Helen Clarke no dejaba de comer emparedados, y pasaba por delante de Constance cada vez que se hacía con uno. En ningún otro lugar se comportaría de este modo, pensé, solo aquí. Nunca se preocupa de lo que Constance o yo pensemos de sus modales; simplemente cree que estamos muy contentas de verla. Vete, le dije para mis adentros. Vete, vete. Me pregunté si Helen Clarke se comportaba de un modo particular cuando venía a nuestra casa. «No hay por qué tirar esto —podía imaginármela diciendo junto a su armario—; puedo guardarlo para cuando visite a mi querida Constance». Empecé a vestir a Helen Clarke en mi imaginación, la puse en traje de baño sobre una montaña de nieve, luego la coloqué sobre las ramas más incómodas de un árbol con un ligero vestido de volantes rosa que se le enganchaba y desgarraba y rompía; y mientras ella gritaba enredada en el árbol yo casi me pongo a reír.

—¿Por qué no se lo decimos a otra gente del lugar? —le preguntó Helen Clarke a Constance—. A algunos de los amigos de siempre. Hay mucha gente a la que le habría gustado mantener el contacto contigo, Constance, querida. Unos pocos amigos cualquier noche. ¿Una cena? No —añadió—, quizá una cena no sea la mejor idea. Al menos al principio.

—Yo… —comenzó a decir Mrs. Wright otra vez; había dejado con cuidado la taza de té con el pequeño bizcocho en la mesa que tenía al lado.

—Aunque ¿por qué no una cena? —se preguntó Helen Clarke—. Al fin y al cabo, algún día tienes que dar el paso.

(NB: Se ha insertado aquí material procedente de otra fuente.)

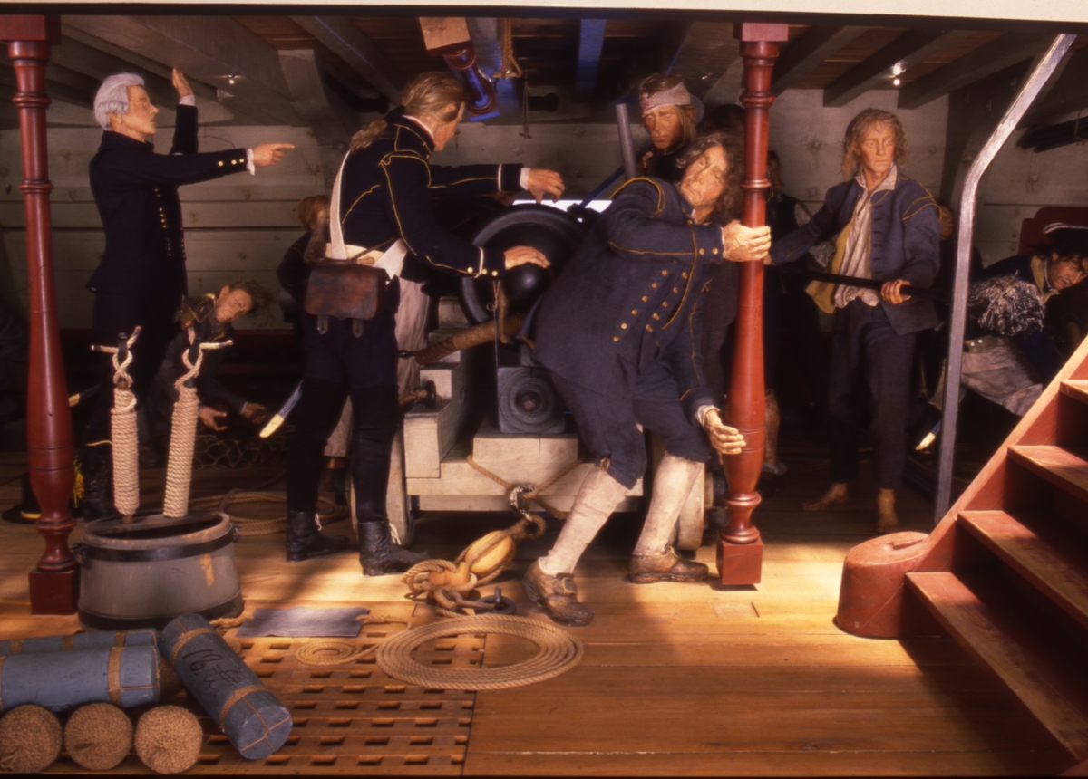 Utbrytningen vid Viborgska viken den 3 juli 1790 kl 07.00 på morgonen. Modellen i skala 1.1 på Marinmuseum visar aktiviteten på övre batteridäck två pjäser akterut. Scenografi och fakta Stefan Flöög. Figurerna tillverkades av Eva Ramqvist och Eva Morell.
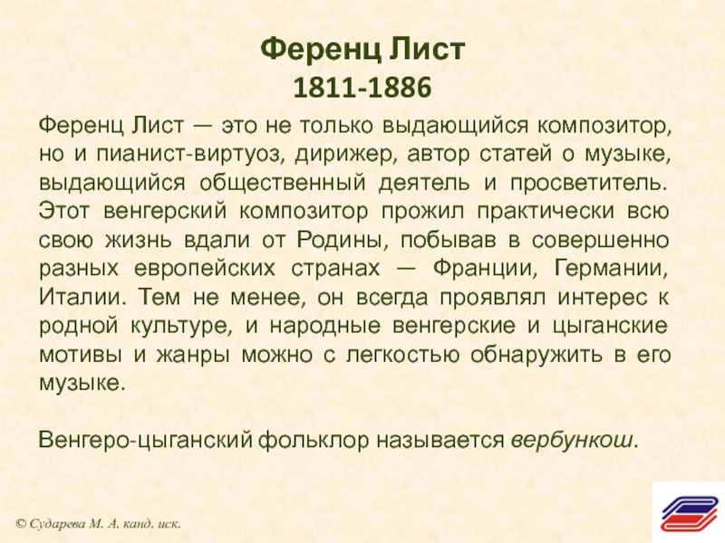 о музыке, выдающийся общественный деятель и просветитель. Этот венгерский композитор прожил практически всю свою жизнь вдали от Родины, побывав в совершенно разных европейских странах — Франции, Германии, Италии. Тем не менее, он всегда проявлял интерес к родной культуре, и народные венгерские и цыганские мотивы и жанры можно с легкостью обнаружить в его музыке.
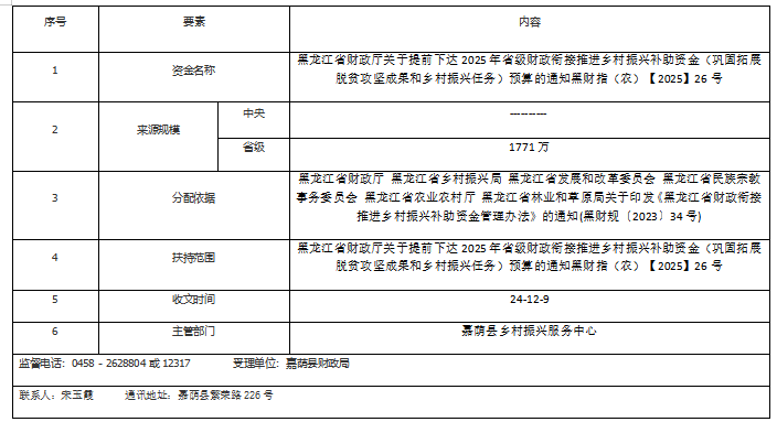 黑龙江省财政厅关于提前下达2025年省级财政衔接推进乡村振兴补助资金(巩固拓展脱贫攻坚成果和乡村振兴任务)预算的通知-黑财指(农)〔2025〕26号
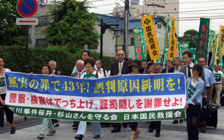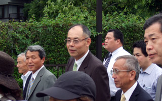 再審第1回公判で水戸地裁土浦支部に入る桜井さん、杉山さんと弁護団・支援者。菅家利和さんの姿も見える。(2010年7月9日午後1時)
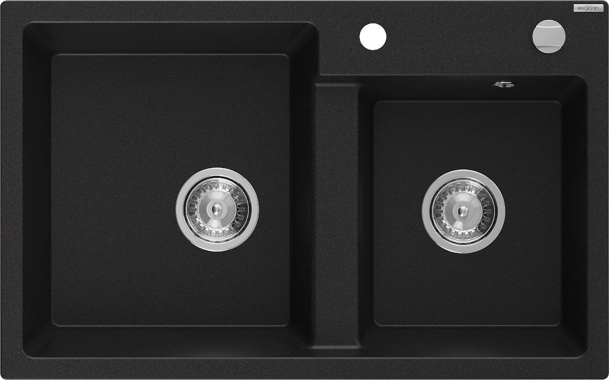 Mexen Tomas évier de cuisine en granit à 2 bacs 800 x 500 mm, noir, siphon chromé - 6516802000-77
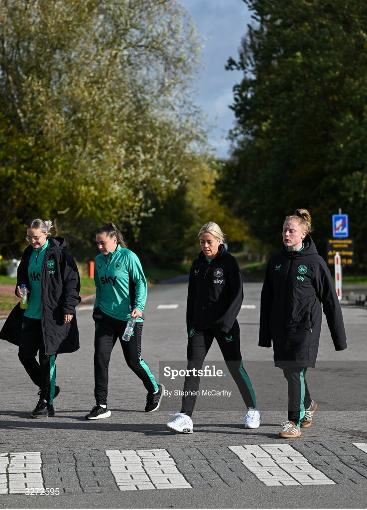28 October 2025; Republic of Ireland players, from left, Izzy Atkinson, Jess Ziu, Denise O’Sullivan and Amber Barrett during a team walk near their hotel before the UEFA Women's Nations League A/B promotion/relegation play-off second leg match between Belgium and Republic of Ireland at The King Power At Den Dreef Stadium in Leuven, Belgium. Photo by Stephen McCarthy/Sportsfile
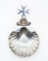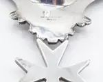 Verzilverde schelpvormige zakleger met Maltezer kruis en drie steunpoten. Het kruis, ook wel bekend als het kruis van St. John, was in ieder geval sinds de 11e eeuw het symbool van de maritieme republiek Amalfi. Het symbool is een achthoekig kruis (dwz met acht punten) van Byzantijnse oorsprong, waarschijnlijk daterend uit de 6e eeuw. Het ontwerp is gebaseerd op kruisen die sinds de Eerste Kruistocht werden gebruikt. Lengte 20cm.
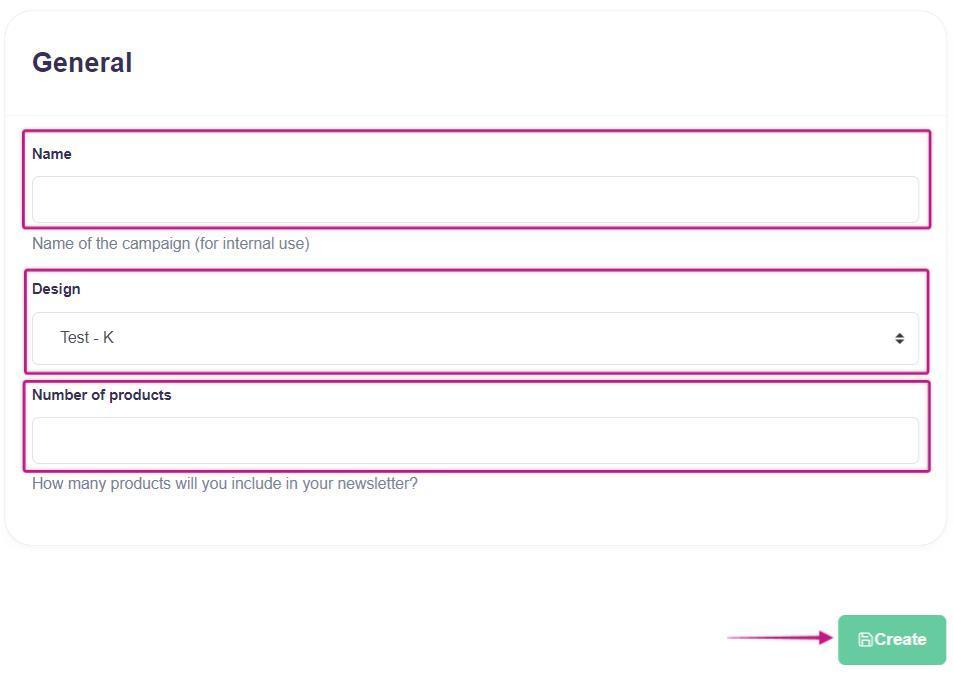- Name: Choose a name for your campaign, e.g. "Christmas campaign" or "Weekly newsletter, week 50"
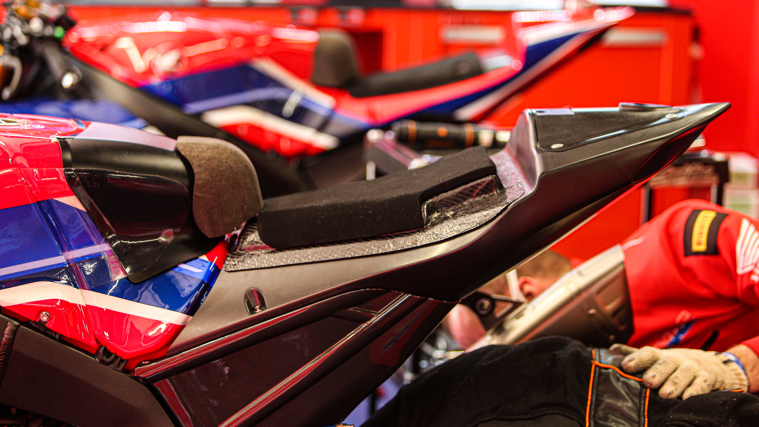 Les essais sont l’occasion idéale pour les équipes et les usines pour évaluer de nouvelles pièces. Le Team HRC a amené quelques pièces à Barcelone : un nouveau bras oscillant, de nouvelles selles pour Leon Haslam et Álvaro Bautista ou encore un nouvel échappement. La Honda était même pourvue d’un capteur de couple afin de régler au mieux l’électronique. Le moteur a aussi été revu pour améliorer les performances du fleuron du constructeur ailé.
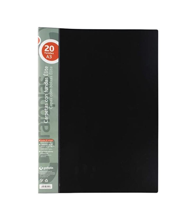 CARPETA ESCAPARATE GRAFOPLAS ELITE 20 FUNDAS A3 TAPA PERSONALIZABLE PP SEMIRRIGIDO NEGRO

Me estaba obligando a intervenir. Constance no me miraba, solo a Helen Clarke.

—¿Por qué no invitamos a la buena gente del pueblo? —propuse a voz en grito.

—Por Dios, Mary Katherine —dijo Helen Clarke—. Realmente me sorprendes. —Se rio—. Ni siquiera recuerdo que los Blackwood se codearan con la gente del pueblo —comentó.

—Nos odian —dije yo.

—Yo no hago caso de sus chismorreos, y espero que tú tampoco. Y, Mary Katherine, tú sabes tan bien como yo que el noventa por ciento de ese sentimiento no responde sino a tu imaginación, y que si tú intentaras ser mínimamente simpática no dirían ni una sola palabra contra ti. Por Dios. Admito que han mostrado un poco de odio alguna vez, pero tú por tu parte lo has exagerado desmesuradamente.

—A la gente le gusta murmurar —dijo Mrs. Wright para inspirarnos confianza—. Yo voy diciendo por ahí que era amiga íntima de los Blackwood y sin el más mínimo asomo de vergüenza. Tienes que estar entre la gente de tu clase, Constance. Sobre nosotros no hablan.

Me habría gustado que fueran más divertidas; Constance parecía un poco cansada. Si se hubieran ido temprano le habría cepillado el cabello a Constance hasta que se quedara dormida.

—El tío Julian está llegando —anunció Constance. Oí el sonido suave de la silla de ruedas en el vestíbulo y me levanté a abrir la puerta.

Helen Clarke dijo:

—¿De verdad creéis que la gente tiene miedo de venir a veros? —Y entonces el tío Julian se detuvo en la puerta. Se había puesto su mejor corbata para tomar el té y se había lavado la cara con tanto afán que la tenía rosada.

—¿Miedo? —preguntó—. ¿De venir aquí? —Saludó a Mrs. Wright desde la silla y luego a Helen Clarke—. Señora —dijo, y repitió—: Señora.

Yo sabía que era porque no recordaba el nombre de ninguna de las dos, si es que las había visto antes.

—Tiene buen aspecto, Julian —dijo Helen Clarke.

—¿Miedo de venir aquí? Debo disculparme por repetir sus palabras, señora, pero estoy asombrado. Mi sobrina, al fin y al cabo, fue absuelta de la acusación de asesinato. Ya no debería suponer ningún peligro venir de visita.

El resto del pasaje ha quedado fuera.